§ **About this task**
Exactly retype the opening line of the entries and every line after it, ending with the line that contains "最後は小川あたりの岩盤やチャ". Skip all pictures.

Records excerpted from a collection

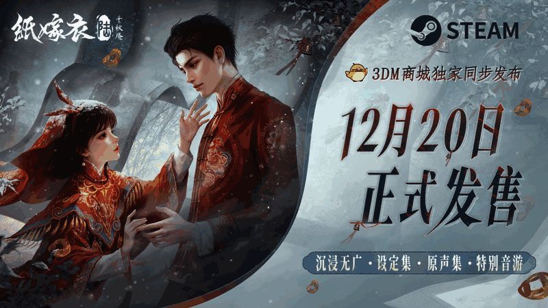 国内知名中式民俗恐怖解谜游戏工作室“纸嫁衣”,近日宣布他们旗下著名游戏系列“纸嫁衣”的第六部作品《纸嫁衣6千秋魇》的买断制PC横版,将在12月20日于Steam上正式发售,3DM商城也将会独家同步发布。
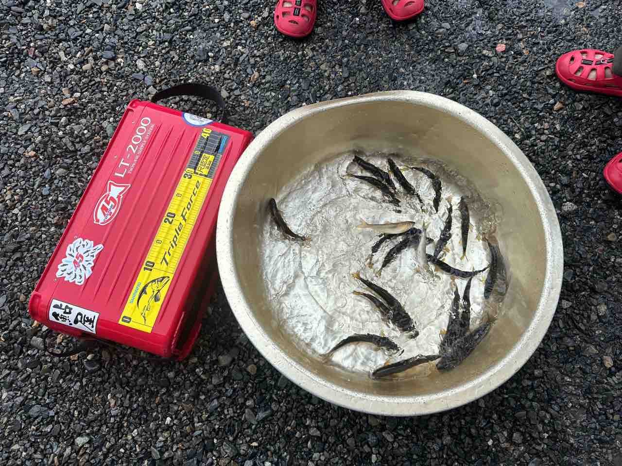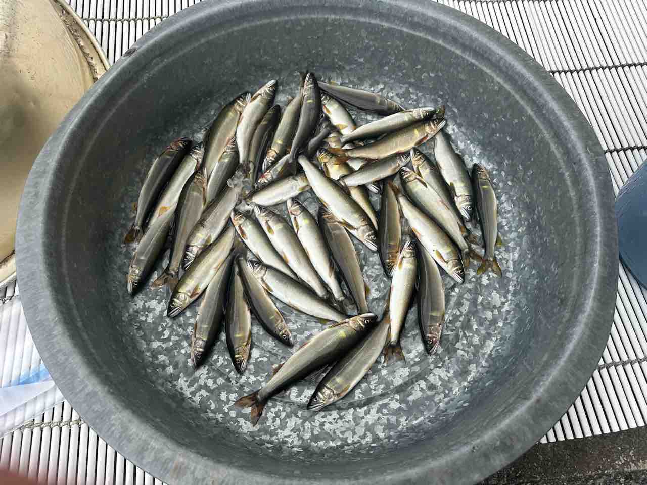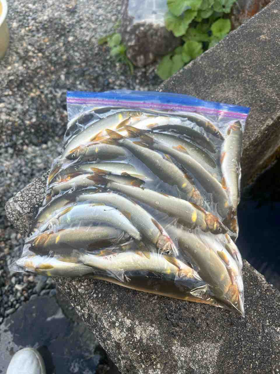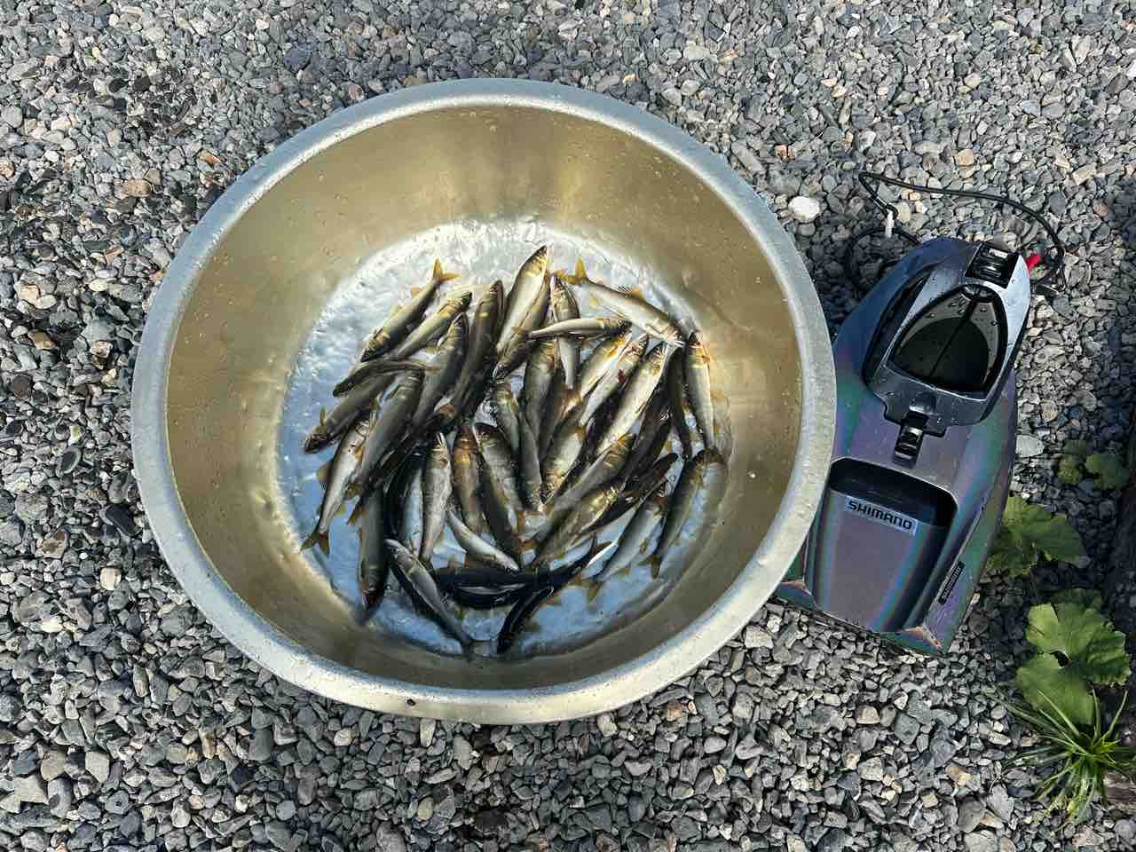 最後は小川あたりの岩盤やチャラ瀬狙いでぼちぼち釣れましたが、さすがに3連休の真ん中。
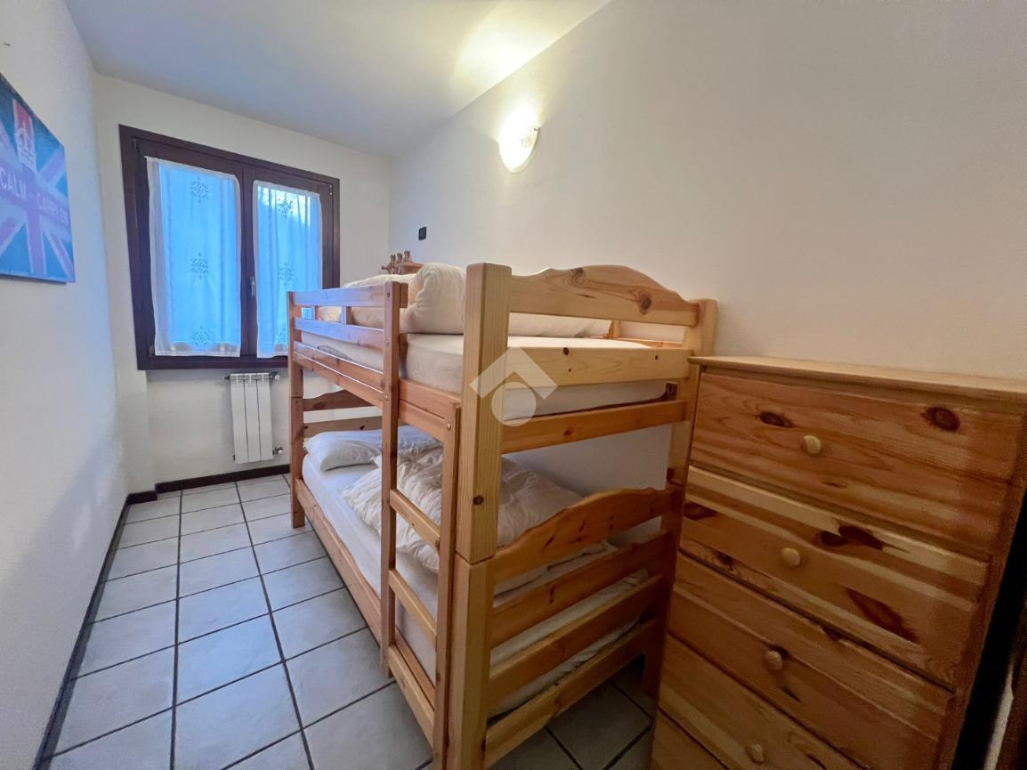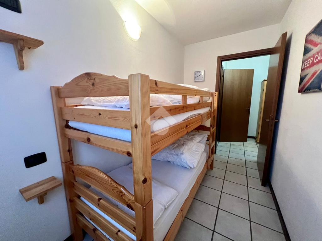 Attraverso il corridoio si raggiunge la zona notte composta da una camera matrimoniale, una cameretta con letto a castello e un bagno finestrato con doccia.
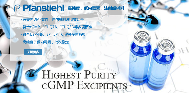 “熱烈祝賀Pfanstiehl的注射級甘氨酸Glycine(G-140)喜獲CDE登記號F20250000403, 這是Pfanstiehl產品獲得的第18個CDE登記號!”甘氨酸在醫藥輔料制劑中應用廣泛,, 可作為緩沖劑,增溶劑,穩定劑等,具有諸多優勢。Pfanstiehl秉承一貫高品質理念,為滿足全球生物制藥行業對于高品質甘氨酸的需求,隆重推出的注射級甘氨酸Glycine (G-140), 具有超高純度,超低內毒素,超低金屬殘留的特點,單獨檢測29種金屬離子,并且新增DNA,RNA,DNA酶,RNA酶和脂肪酶,亞硝酸鹽等多項質量指標的檢測,符合多國藥典規定(USP, EP, BP, JPE, ChP),可用于生物治療性藥物和疫苗的生產。產品信息:· 產品名稱:Glycine, High Purity, Low Endotoxin, Low Metals, USP, EP, BP, JPE, ChP (G-140)· 中文名稱:甘氨酸· 分子式:C2H5NO2· 分子量:75.07 g / mol· CAS號:56-40-6· 產品貨號:G-140產品特點: · 超高純度,超低內毒素,超低微生物含量,超低金屬雜質殘留· 質量指標新增DNA,RNA,DNA酶,RNA酶,脂肪酶和亞硝酸鹽檢測· 符合多國藥典:USP, EP, BP, JPE, ChP· 符合ICH Q3D標準· 符合GMP標準· 已獲DMF和CDE登記號 產品應用:· 緩沖劑· 穩定劑· 增溶劑如果您對Pfanstiehl注射級別Glycine G-140感興趣,歡迎聯系Pfanstiehl 中國區代理商北京西美杰科技有限公司獲得如下詳細的產品概況說明文件和測試樣品。Pfanstiehl Inc.最新產品系列如下,歡迎聯系北京西美杰科技有限公司獲取100g裝免費樣品。北京西美杰科技有限公司為Pfanstiehl中國代理,為客戶提供完善的技術支持與售后服務。歡迎撥打西美杰客服電話400-050-4006或者登陸網站www_xmjsci_com.rangzu.cn了解更多信息。 更多>
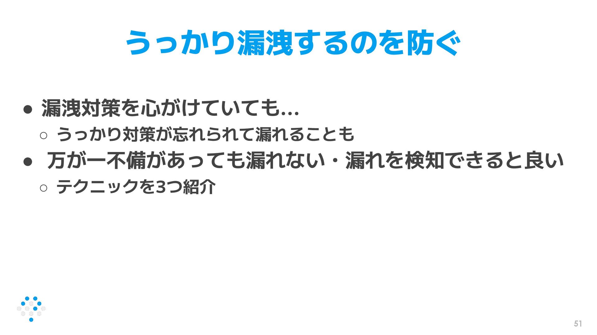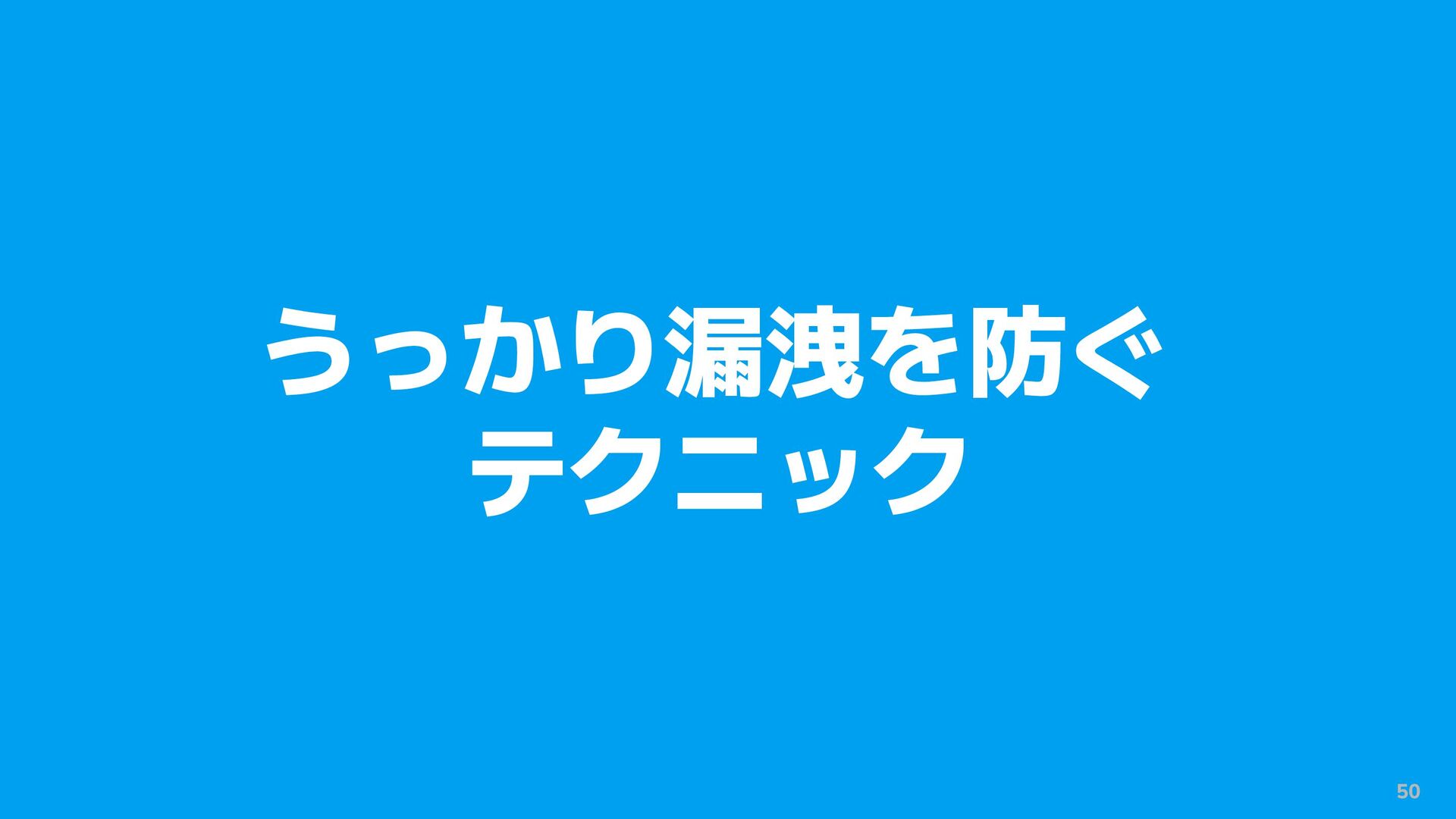 51 うっかり漏洩するのを防ぐ • 漏洩対策を心がけていても... ◦ うっかり対策が忘れられて漏れることも • 万が一不備があっても漏れない・漏れを検知できると良い ◦ テクニックを3つ紹介
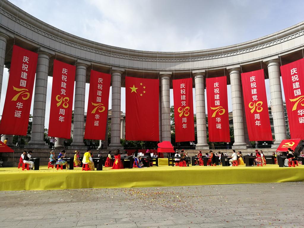 6月29日,新华街道在花都区区府广场举办了庆祝中国共产党成立98年、新中国成立70年快闪活动。活动当天骄阳似火,学生们身穿厚重的演出服在烈日下演出了2个多小时。但他们都表示能够参与这样的大型演出活动机会非常难得,而且是建党98周年的献礼活动,意义非凡。活动结束后,新华街文体中心的负责领导对我系学生给予了高度好评。
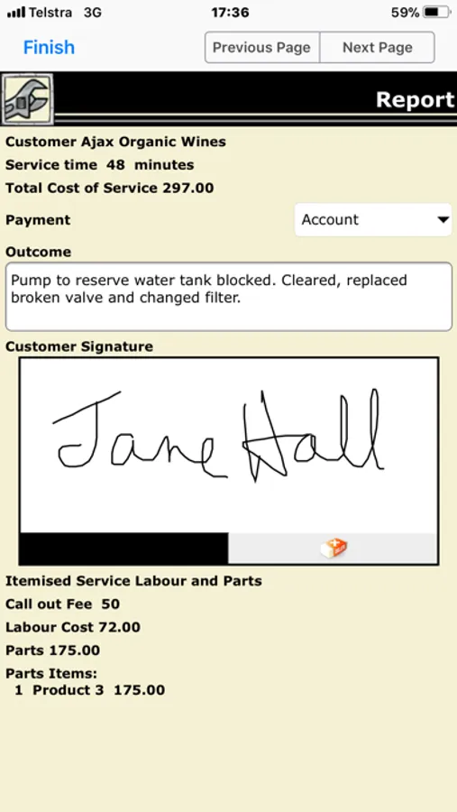 * 'Field Service Report' to deploy, manage and record repair and maintenance of plant and equipment. Add parts and prices for service in the field, using Mobile Data Studio; Dynamic Data function can manage thousands of parts; and
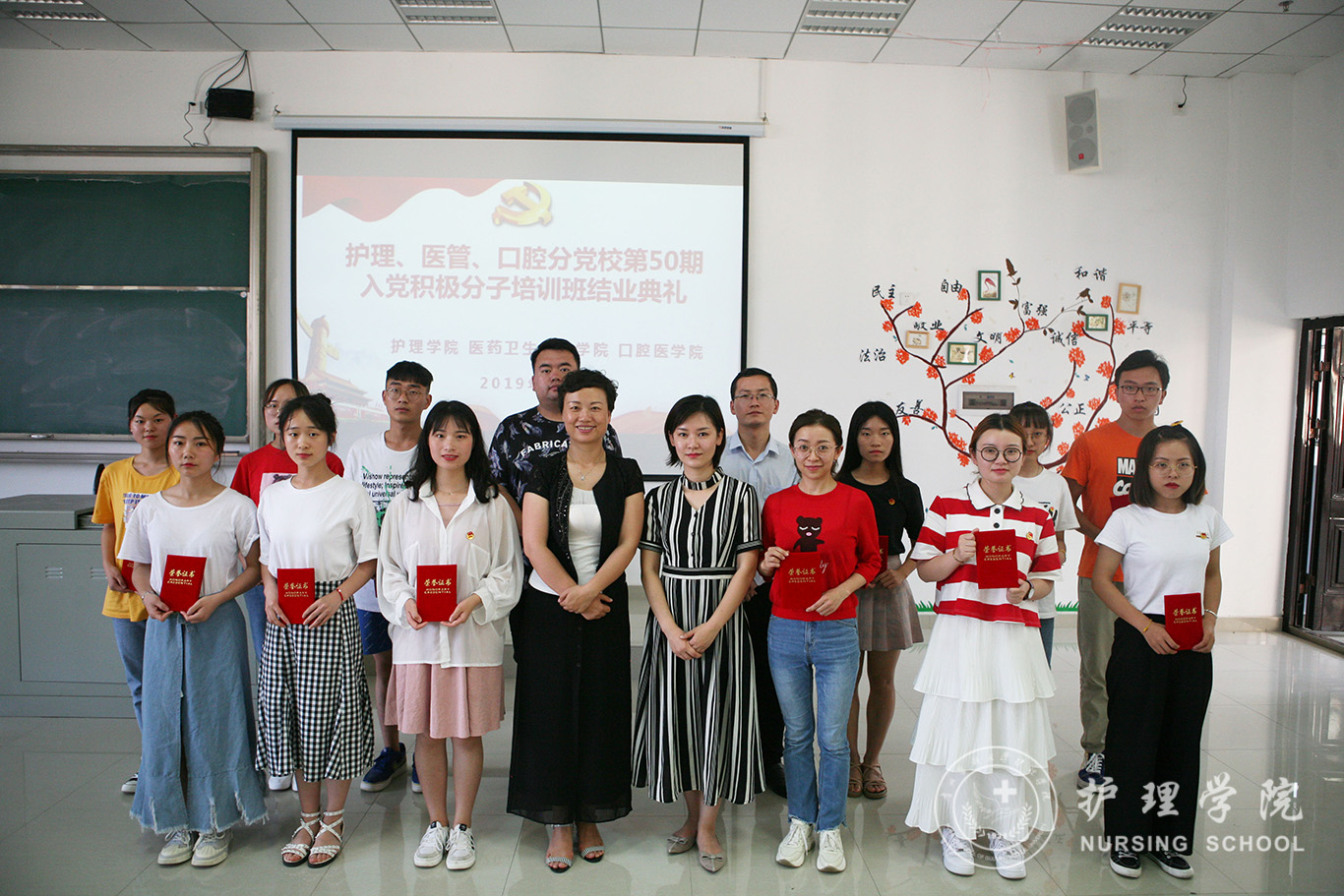 6月21日,护理、医管、口腔分党校第50期入党积极分子培训班结业典礼在南校区7404教室举行。口腔医公司党委副书记钱禾、公司党委副书记王秀红、医药卫生管理公司分团委书记刘安跃及培训班全体学员参加了结业典礼。典礼由本期培训班班主任、太阳成集团tyc234cc员工第二党支部书记马景瑶主持。

§ **Reply to the task**
 国内知名中式民俗恐怖解谜游戏工作室“纸嫁衣”,近日宣布他们旗下著名游戏系列“纸嫁衣”的第六部作品《纸嫁衣6千秋魇》的买断制PC横版,将在12月20日于Steam上正式发售,3DM商城也将会独家同步发布。
 最後は小川あたりの岩盤やチャラ瀬狙いでぼちぼち釣れましたが、さすがに3連休の真ん中。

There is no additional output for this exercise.